The Atlas of Drosophila Morphology is an excellent resource, find a pdf on the lab server in the “Atlas of Drosophila Morphology” folder.

Relationship of the CNS, circulatory system, and digestive system (credit: Joe Brock, Francis Crick Institute)

Nutrient control of Drosophila longevity

Circulatory system (A. Miller. The internal anatomy and histology of the imago of Drosophila melanogaster. In M. Demerec, editor, Biology of Drosophila, CSHL Press, p. 444, see hard copy for labels)

Somatic musculature (Atlas of Drosophila Development by Volker Hartenstein) - see linked page for the names of all numbered muscles; the head muscles are

1, 2 retractors of rostrum;

5 dilator of labrum;

6 retractor of paraphyses;

7 retractor of furca;

8 transverse muscle of haustellum

11 dilator of pharynx;

13 gracilis;

16 muscle of frontal pulsatile organ

Tracheal system (Atlas of Drosophila Development by Volker Hartenstein)

Fly Head Anatomy#

Zhao et al. 2025 released some nice 1-um resolution micro CT scans of the fly head. These can be useful for visualizing the position of the brain relative to cuticle landmarks, as well as some of the musculature including muscle 16. Unfortunately the proboscis and associated musculature is not present in these scans.

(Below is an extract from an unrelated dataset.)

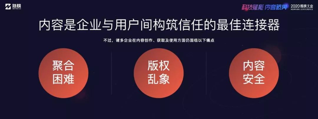 三、內(nèi)容安全和版權(quán)問題 一直是企業(yè)私域和新媒體運(yùn)營的一大困擾 內(nèi)容是企業(yè)和用戶之間的最佳連接器,但企業(yè)在創(chuàng)作、獲取和使用內(nèi)容過程中,面臨三個(gè)痛點(diǎn):1、傳統(tǒng)媒體、MCN機(jī)構(gòu)、頭部KOL、個(gè)人作者都可能是潛在的內(nèi)容合作伙伴,要從中找到合適的優(yōu)質(zhì)內(nèi)容,篩選、BD、聚合的成本都非常高;2、市面上的內(nèi)容魚龍混雜,文字、圖片版權(quán)混亂,缺乏統(tǒng)一的審核和評估,安全風(fēng)險(xiǎn)高;3、自建內(nèi)容團(tuán)隊(duì)成本高,缺乏精細(xì)化運(yùn)營,內(nèi)容難以復(fù)用。

To facilitate ease of use, there are downsampled (2um voxel size) and annotated versions of the data on the lab server under References/head_micro_ct_2um. These tiffs are formatted such that they can be easily loaded and viewed in napari.

To view the volumes, install napari following these instructions: https://napari.org/dev/tutorials/fundamentals/installation.html

Once you run napari (command line: napari), load all the image layers you want by going to file>load images. Due to the size of the images, it is recommened you copy the folder locally first.

Drag image_data or head_only to the bottom of the layer list so that the label layers are visible.

You can then scroll through the image stacks in any orientation (using the change order of visible axes button) or view as 3d by toggling 3d mode (button second from the left below the layer list). I recommend using rendering: iso.

For instructions about how to use the napari viewer, see this page: https://napari.org/dev/tutorials/fundamentals/viewer.html

Reference:

Zhao, A., Gruntman, E., Nern, A. et al. Eye structure shapes neuron function in Drosophila motion vision. Nature 646, 135–142 (2025).